January 8, 2016

Reform to Ensure the CFAA is a Hacking Rather Than Censorship Statute

Imagine a world in which visiting and using a publicly accessible website could be a criminal violation if the operator of that site banned you for any reason. The operator of the site might not like your politics, view you as a competitor, or just disapprove of what group in society you belong to. As long as their terms of use or a cease and desist letter singled you out for exclusion, and they backed that up by attempting to block access from any computer or phone you ever used in the past, your continued attempts to visit or use their public site could be a violation of the Computer Fraud and Abuse Act.
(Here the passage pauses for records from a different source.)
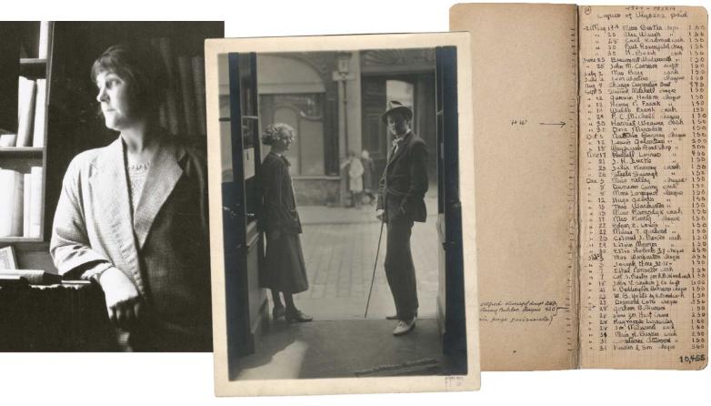 Left: Harriet Shaw Weaver looking out the window of Shakespeare and Company, 1921. Middle: Beach and Joyce in the doorway of Shakespeare and Company, ca. July 1921. Right: The first page of Beach’s subscription list for sales of Ulysses, 1922.
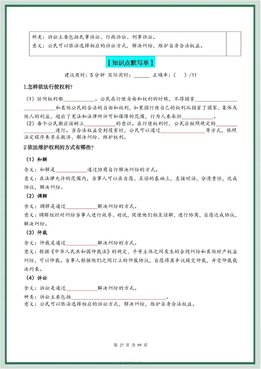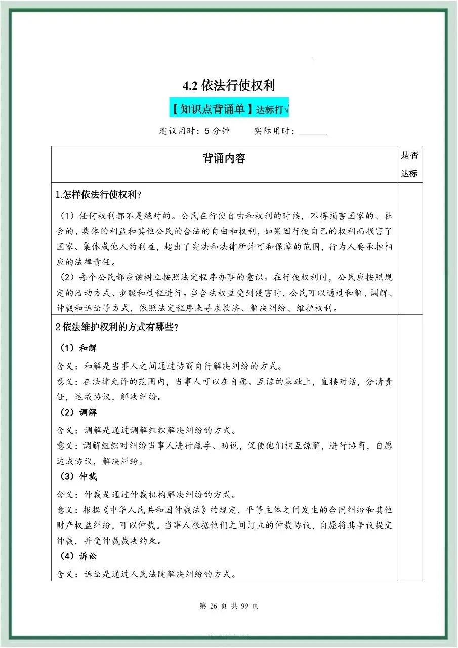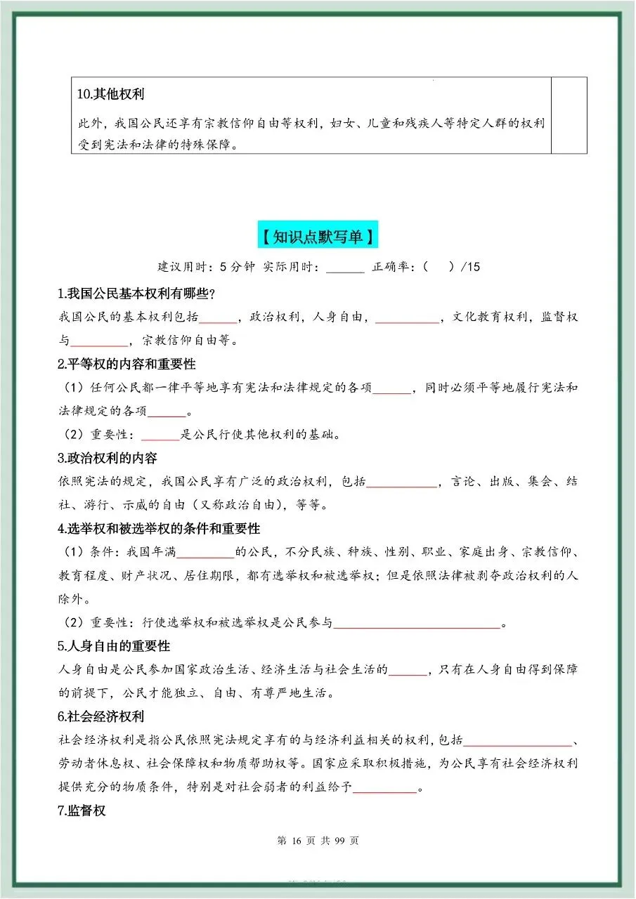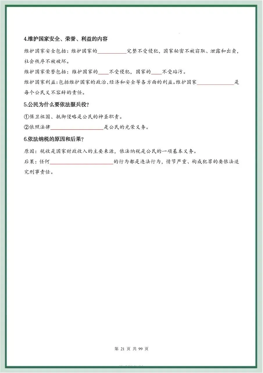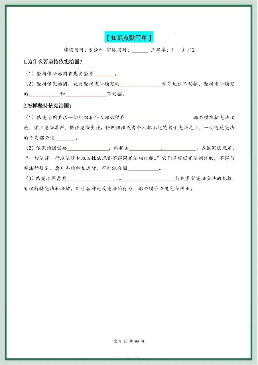 2026年最新版八年级下册道法全册知识点背诵单(答案版+默写版),完整可打印,学霸学习好帮手,建议家长打印,学霸人手一份!
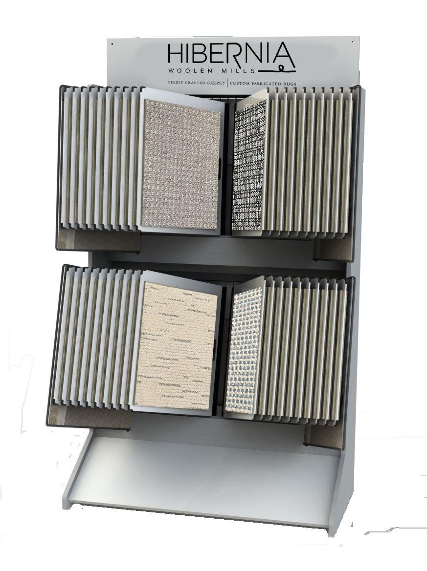Antrim’s two-tier display offers an attractive and efficient way to merchandise its exceptional product line. The display unit features 60 product boards (22”x28” board size), including current & new introductions. The two-tier design allows for enhanced product viewing and accommodates future products as the line expands.
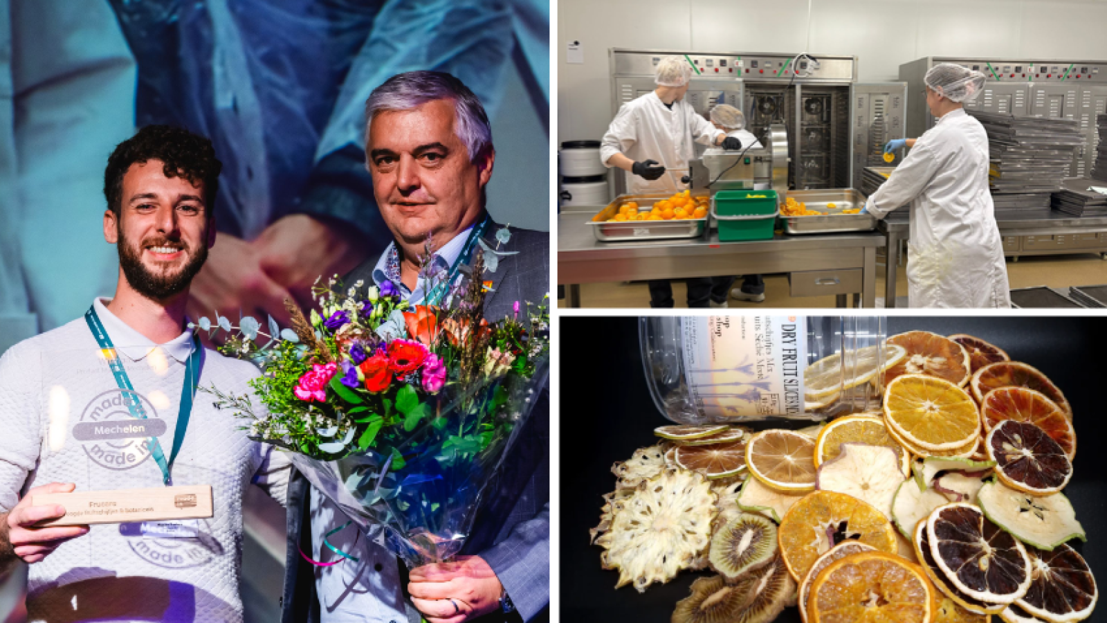 Maxim riep de hulp van zijn broer, die op het autismespectrum zit, in voor het maken van de fruitschijfjes. “En dat deed hij goed, tot de orders te groot werden. Tienduizend limoenen snijden was te veel voor ons twee”, vertelt Maxim. “Maar een droogtunnel aankopen en inboeten op kwaliteit zag ik niet zitten. Tijdens een opleiding kwam ik toevallig een vertegenwoordiger van een maatwerkbedrijf, en toen ging er een lampje branden.”

Noteworthy is that such a violation is a criminal as well as a civil violation under the current statute.

In its original inception, the law was meant to penalize hacking into “protected computers” that housed private and confidential financial records and atomic secrets. Hacking involved “breaking into” something protected by passwords and other security measures. But the combination of vague language in the statute about the definition of “authorized access” and “exceeding authorized access” has been couple with the notion that Terms of Use rather than security measures can define the boundaries that trigger the draconian application of the statute.

As famously noted by the Electronic Frontier Foundation, a 17 year old visiting the website for Seventeen magazine violates a TOU provision requiring an age of 18 for access – leading to a potential CFAA violation. Or in the case of Padmapper, which displays publicly listed apartment postings on a map from sites like Craigslist, the CFAA has been invoked as a litigation pretext to throttle such innovation and competition in the marketplace.